TASK OBJECTIVE
Write out exactly, and only, the lines below from the line with "51-летняя рязанка Ирина" through the line with "El uso de thuja"; pictures do not belong in the copy.

EXTRACTED MATERIAL
______
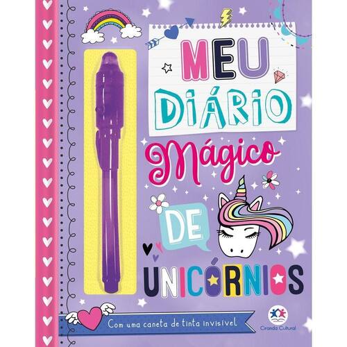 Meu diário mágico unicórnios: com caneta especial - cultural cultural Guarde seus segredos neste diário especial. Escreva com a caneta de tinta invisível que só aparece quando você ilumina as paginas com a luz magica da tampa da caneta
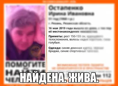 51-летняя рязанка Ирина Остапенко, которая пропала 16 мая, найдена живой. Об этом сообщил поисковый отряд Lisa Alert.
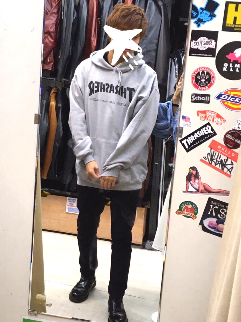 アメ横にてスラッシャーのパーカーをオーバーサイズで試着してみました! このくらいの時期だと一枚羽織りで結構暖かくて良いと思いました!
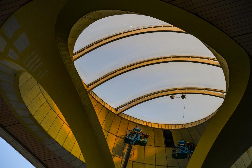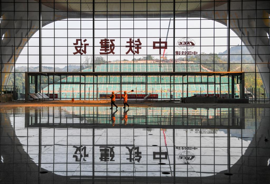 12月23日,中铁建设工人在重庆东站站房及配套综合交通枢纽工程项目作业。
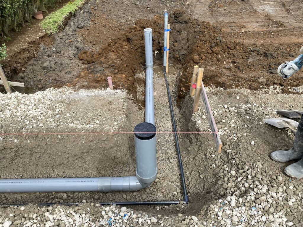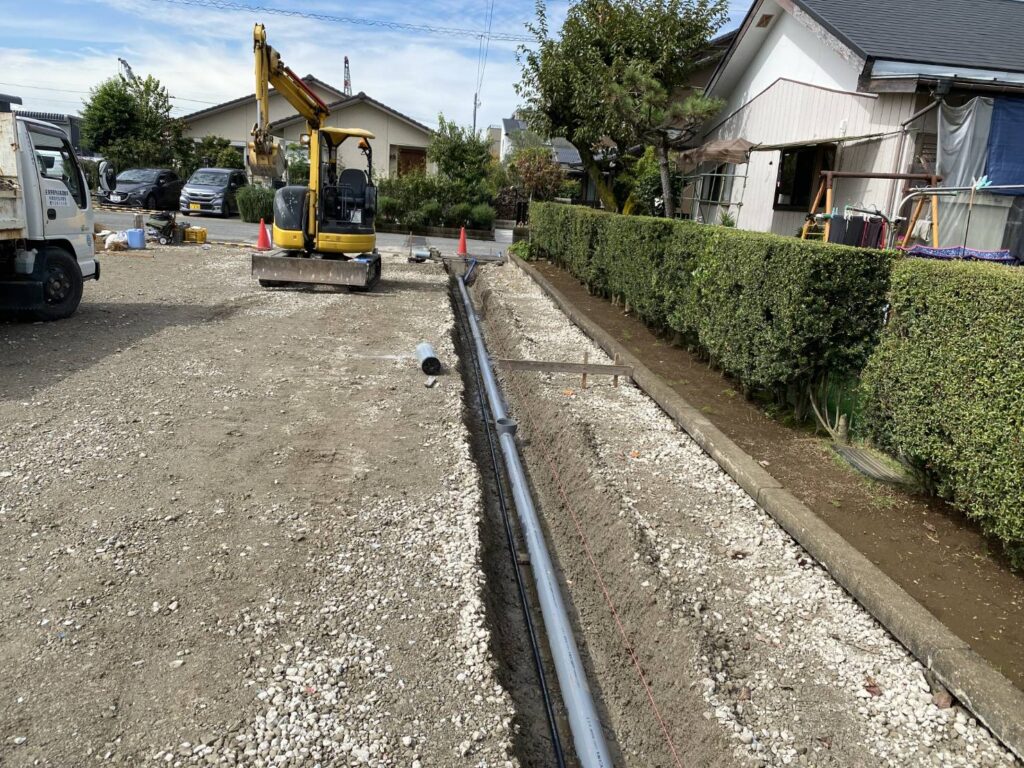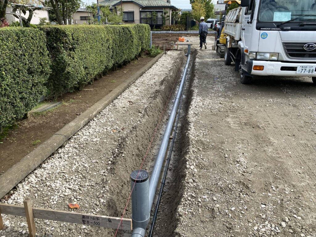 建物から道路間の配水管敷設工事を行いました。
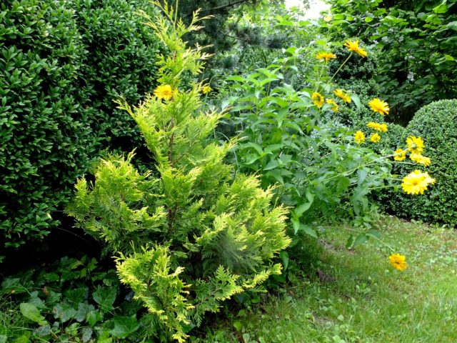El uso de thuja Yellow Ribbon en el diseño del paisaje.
______
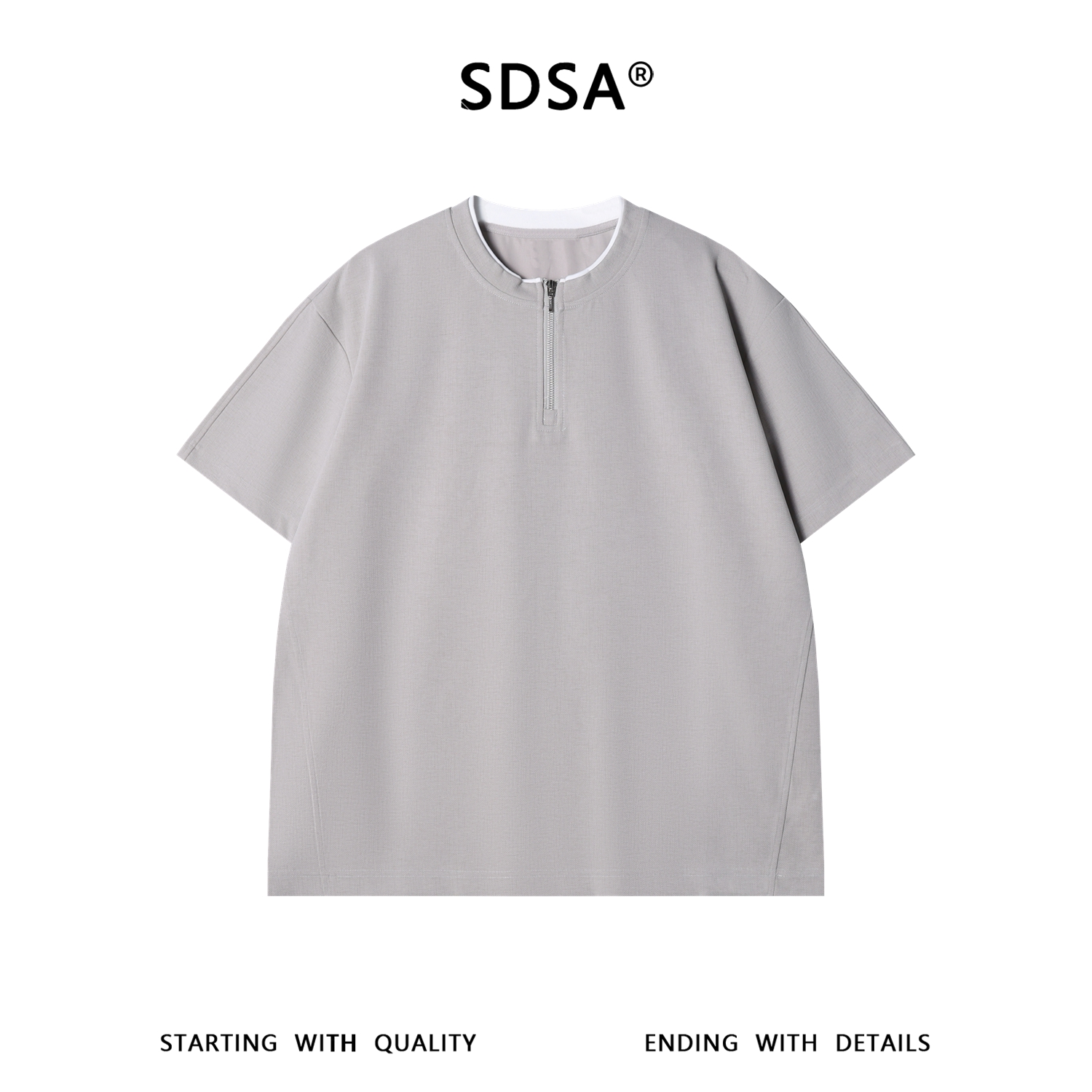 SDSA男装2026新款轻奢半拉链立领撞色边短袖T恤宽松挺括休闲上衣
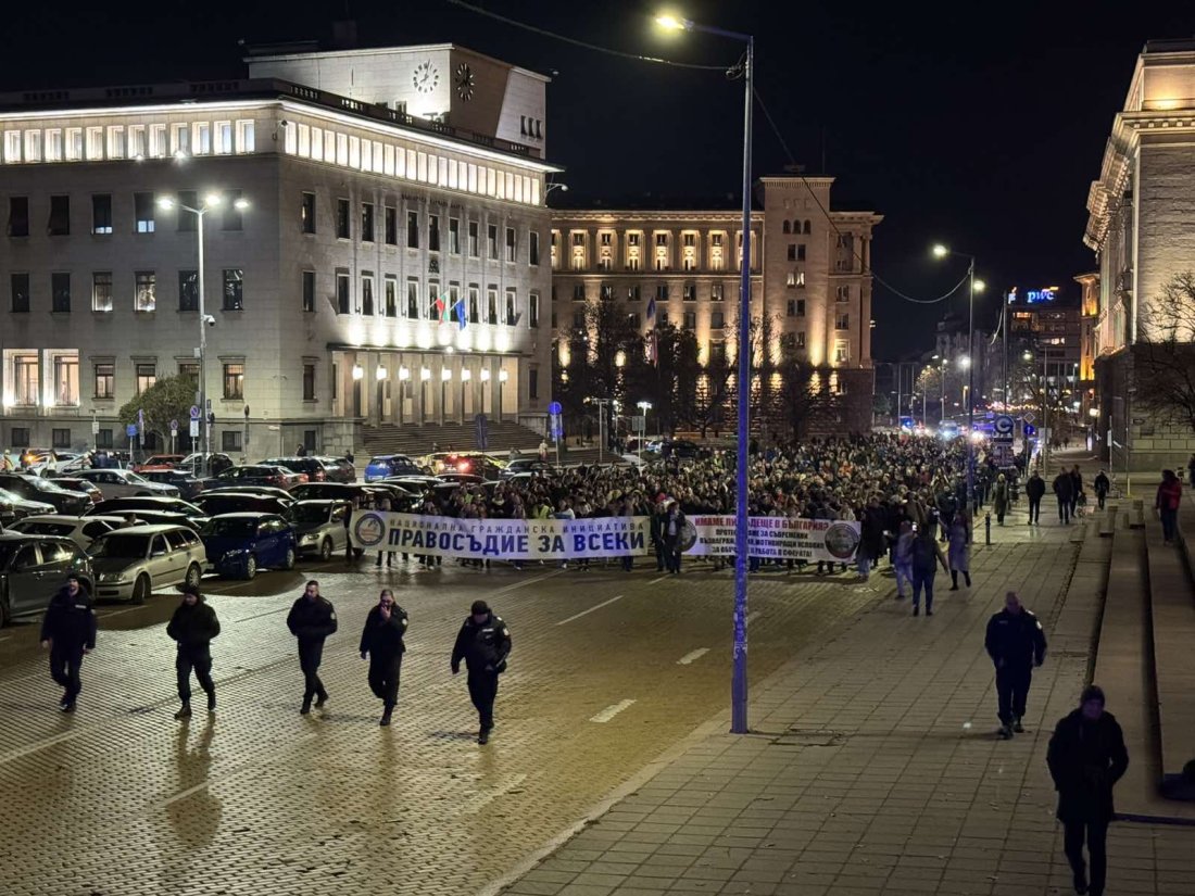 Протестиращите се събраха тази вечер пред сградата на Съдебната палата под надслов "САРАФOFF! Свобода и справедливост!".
______
ANSWER TO THE PROBLEM
 51-летняя рязанка Ирина Остапенко, которая пропала 16 мая, найдена живой. Об этом сообщил поисковый отряд Lisa Alert.
 アメ横にてスラッシャーのパーカーをオーバーサイズで試着してみました! このくらいの時期だと一枚羽織りで結構暖かくて良いと思いました!
 12月23日,中铁建设工人在重庆东站站房及配套综合交通枢纽工程项目作业。
 建物から道路間の配水管敷設工事を行いました。
El uso de thuja Yellow Ribbon en el diseño del paisaje.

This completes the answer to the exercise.